▸ **TO DO**:
Reproduce from the records below, with no pictures, exactly the lines between the one containing "2023年11月17日,廖开教授来我院开展水彩画写生技法与表现的教学示范课。" and the one containing "Our designers at", inclusive.

▸ **DATA SUPPLIED**:
################
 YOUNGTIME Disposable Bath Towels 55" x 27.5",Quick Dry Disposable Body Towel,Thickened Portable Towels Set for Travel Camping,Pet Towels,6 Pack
################
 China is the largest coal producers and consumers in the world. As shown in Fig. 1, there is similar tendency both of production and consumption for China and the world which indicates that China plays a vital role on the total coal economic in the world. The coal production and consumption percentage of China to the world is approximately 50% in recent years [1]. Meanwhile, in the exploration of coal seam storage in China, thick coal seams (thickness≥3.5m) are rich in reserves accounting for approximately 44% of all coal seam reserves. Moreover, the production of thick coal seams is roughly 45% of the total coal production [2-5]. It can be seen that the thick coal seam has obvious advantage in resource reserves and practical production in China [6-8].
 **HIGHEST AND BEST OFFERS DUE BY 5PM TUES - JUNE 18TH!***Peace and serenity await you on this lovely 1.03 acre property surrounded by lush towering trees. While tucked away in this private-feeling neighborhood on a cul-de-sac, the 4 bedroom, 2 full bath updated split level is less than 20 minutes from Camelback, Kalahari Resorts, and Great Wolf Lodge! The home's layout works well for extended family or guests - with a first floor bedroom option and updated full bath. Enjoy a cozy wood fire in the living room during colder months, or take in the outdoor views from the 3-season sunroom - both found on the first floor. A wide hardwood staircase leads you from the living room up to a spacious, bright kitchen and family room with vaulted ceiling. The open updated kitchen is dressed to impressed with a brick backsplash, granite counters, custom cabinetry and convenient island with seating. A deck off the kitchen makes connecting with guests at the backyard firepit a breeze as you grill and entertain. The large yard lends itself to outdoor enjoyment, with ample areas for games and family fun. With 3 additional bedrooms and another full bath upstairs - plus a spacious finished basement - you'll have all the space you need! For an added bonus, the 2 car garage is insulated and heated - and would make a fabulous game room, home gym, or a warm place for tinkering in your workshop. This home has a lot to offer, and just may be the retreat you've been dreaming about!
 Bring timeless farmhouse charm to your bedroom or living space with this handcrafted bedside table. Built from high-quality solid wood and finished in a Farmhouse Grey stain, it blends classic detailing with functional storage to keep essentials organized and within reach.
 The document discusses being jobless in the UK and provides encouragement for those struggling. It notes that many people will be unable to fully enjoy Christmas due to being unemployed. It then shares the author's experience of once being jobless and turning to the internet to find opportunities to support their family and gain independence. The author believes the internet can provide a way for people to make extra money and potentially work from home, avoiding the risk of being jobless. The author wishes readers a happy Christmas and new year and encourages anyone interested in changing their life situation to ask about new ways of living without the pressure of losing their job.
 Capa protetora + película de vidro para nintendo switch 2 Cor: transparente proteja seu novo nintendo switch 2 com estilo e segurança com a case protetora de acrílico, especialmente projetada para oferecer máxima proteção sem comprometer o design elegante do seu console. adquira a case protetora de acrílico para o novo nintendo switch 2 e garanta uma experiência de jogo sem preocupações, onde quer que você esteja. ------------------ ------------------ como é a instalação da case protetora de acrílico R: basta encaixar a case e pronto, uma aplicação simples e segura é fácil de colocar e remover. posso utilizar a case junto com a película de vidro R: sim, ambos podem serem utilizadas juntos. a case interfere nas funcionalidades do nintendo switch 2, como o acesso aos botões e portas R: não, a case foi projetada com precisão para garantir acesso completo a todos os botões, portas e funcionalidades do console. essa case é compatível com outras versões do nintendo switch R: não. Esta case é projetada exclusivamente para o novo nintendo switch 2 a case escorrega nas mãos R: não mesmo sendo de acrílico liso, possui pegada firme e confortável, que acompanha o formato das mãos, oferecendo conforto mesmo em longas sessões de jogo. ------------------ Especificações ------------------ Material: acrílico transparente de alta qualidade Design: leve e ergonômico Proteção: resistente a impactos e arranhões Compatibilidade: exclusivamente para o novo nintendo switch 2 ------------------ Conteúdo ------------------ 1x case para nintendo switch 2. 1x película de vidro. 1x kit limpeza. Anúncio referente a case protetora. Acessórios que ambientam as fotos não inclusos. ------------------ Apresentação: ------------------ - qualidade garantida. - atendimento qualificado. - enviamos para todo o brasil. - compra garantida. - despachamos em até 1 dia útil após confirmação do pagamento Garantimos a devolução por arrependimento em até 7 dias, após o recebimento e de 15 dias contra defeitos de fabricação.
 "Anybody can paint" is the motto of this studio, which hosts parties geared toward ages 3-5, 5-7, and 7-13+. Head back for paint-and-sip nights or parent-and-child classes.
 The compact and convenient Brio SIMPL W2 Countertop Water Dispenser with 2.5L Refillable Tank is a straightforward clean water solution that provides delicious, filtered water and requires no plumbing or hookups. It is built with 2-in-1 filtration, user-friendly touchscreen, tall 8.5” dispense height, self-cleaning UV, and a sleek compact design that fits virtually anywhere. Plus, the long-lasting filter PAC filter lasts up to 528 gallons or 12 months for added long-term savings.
################
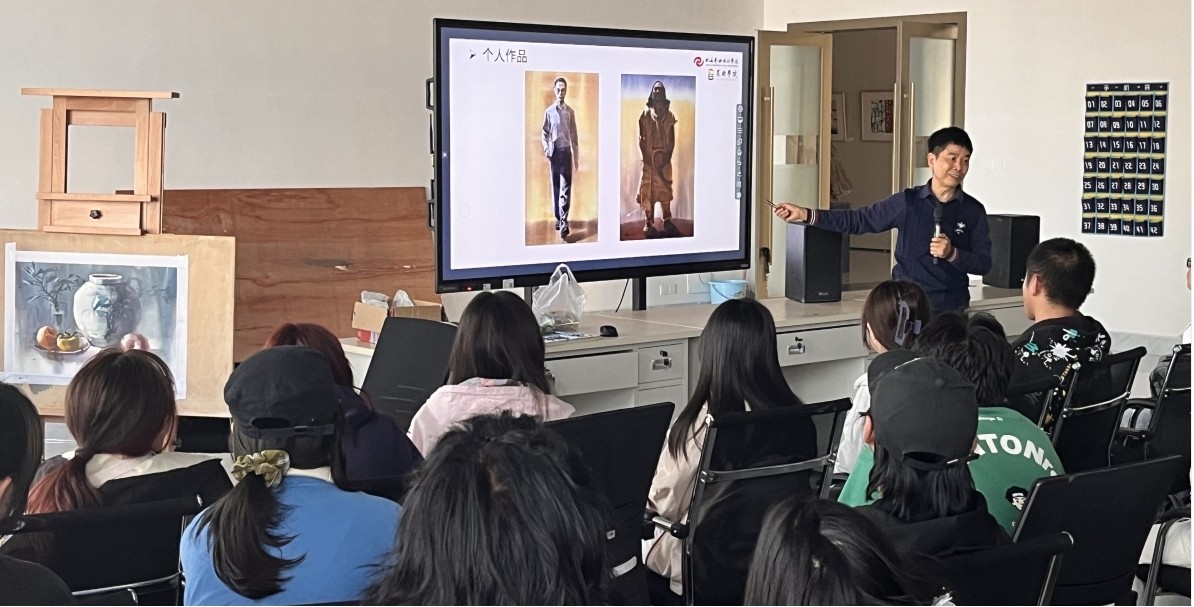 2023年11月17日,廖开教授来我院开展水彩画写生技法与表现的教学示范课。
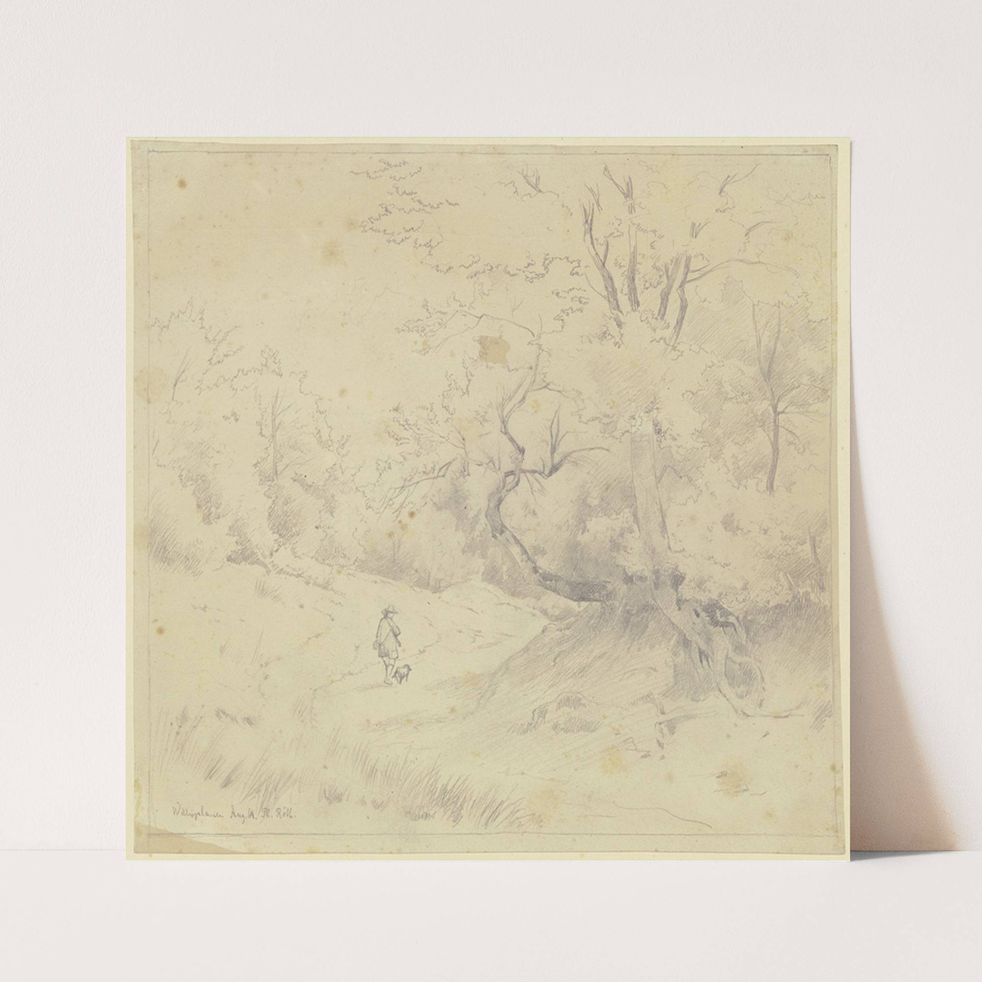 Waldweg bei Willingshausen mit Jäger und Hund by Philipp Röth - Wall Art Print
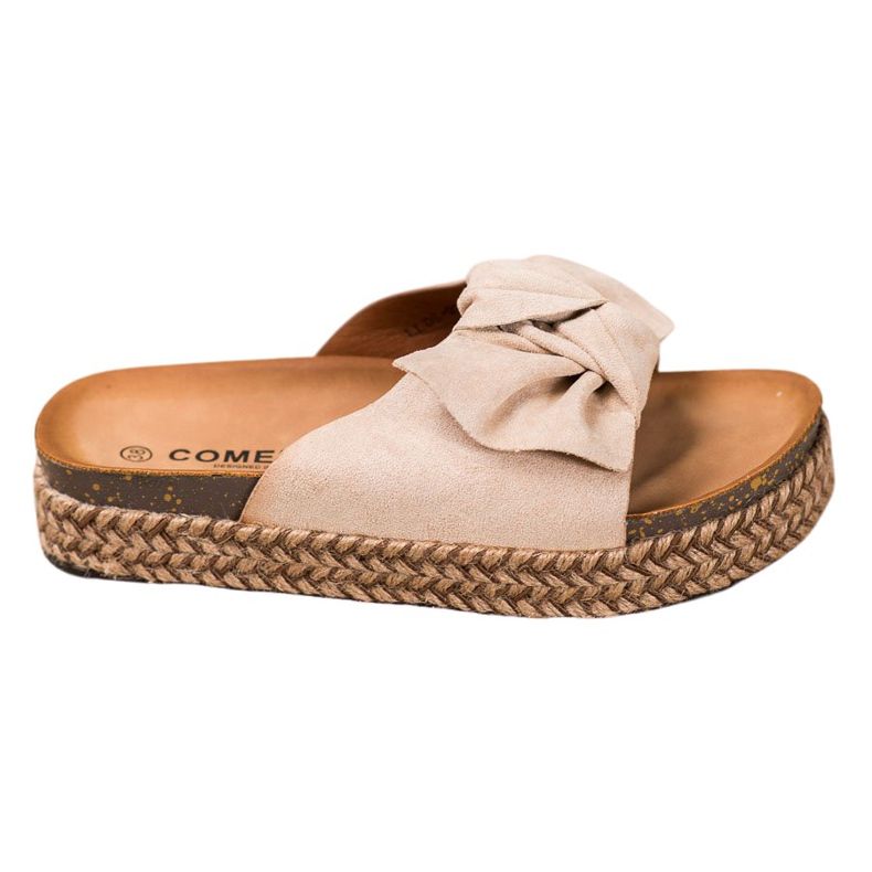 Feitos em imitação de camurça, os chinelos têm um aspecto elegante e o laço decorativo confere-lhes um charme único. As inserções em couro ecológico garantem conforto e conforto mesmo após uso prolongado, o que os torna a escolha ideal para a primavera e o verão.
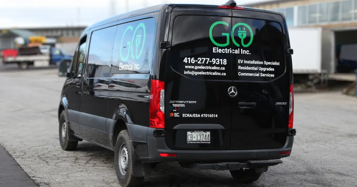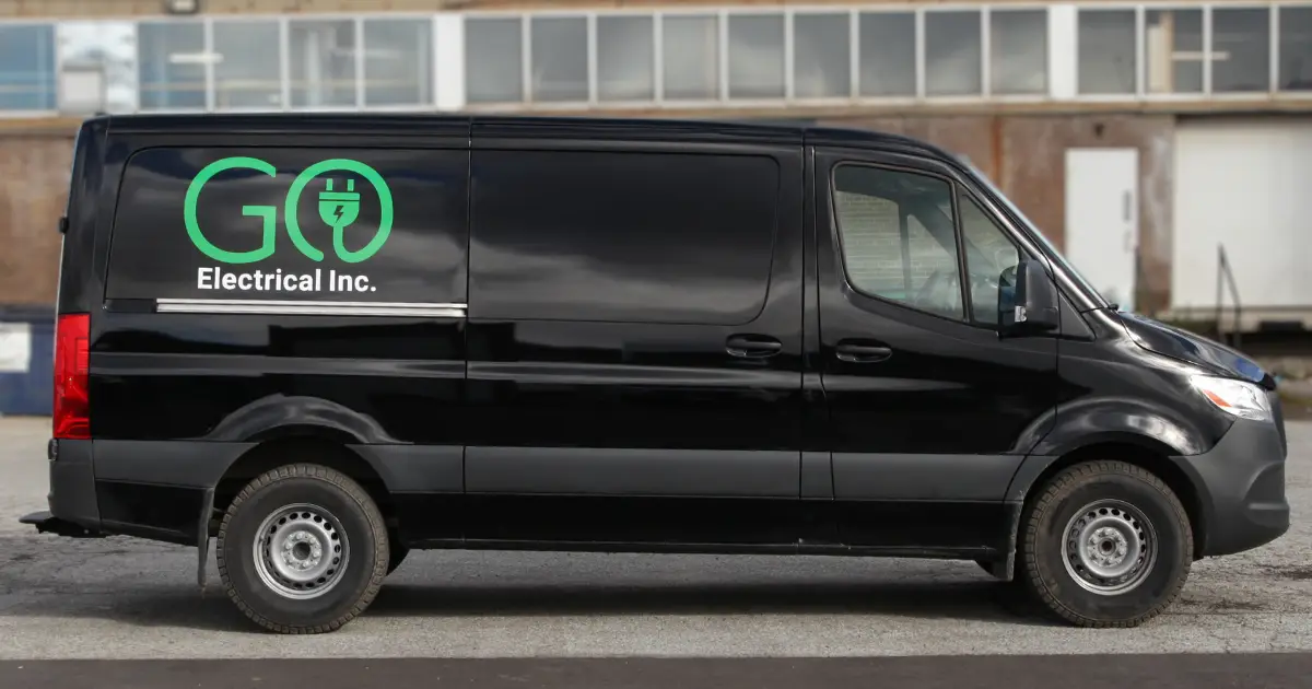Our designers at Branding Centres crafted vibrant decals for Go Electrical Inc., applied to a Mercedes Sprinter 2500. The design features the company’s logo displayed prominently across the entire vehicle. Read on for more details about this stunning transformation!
################
▸ **RESULT OF THE EXERCISE**:
 2023年11月17日,廖开教授来我院开展水彩画写生技法与表现的教学示范课。
 Waldweg bei Willingshausen mit Jäger und Hund by Philipp Röth - Wall Art Print
 Feitos em imitação de camurça, os chinelos têm um aspecto elegante e o laço decorativo confere-lhes um charme único. As inserções em couro ecológico garantem conforto e conforto mesmo após uso prolongado, o que os torna a escolha ideal para a primavera e o verão.
Our designers at Branding Centres crafted vibrant decals for Go Electrical Inc., applied to a Mercedes Sprinter 2500. The design features the company’s logo displayed prominently across the entire vehicle. Read on for more details about this stunning transformation!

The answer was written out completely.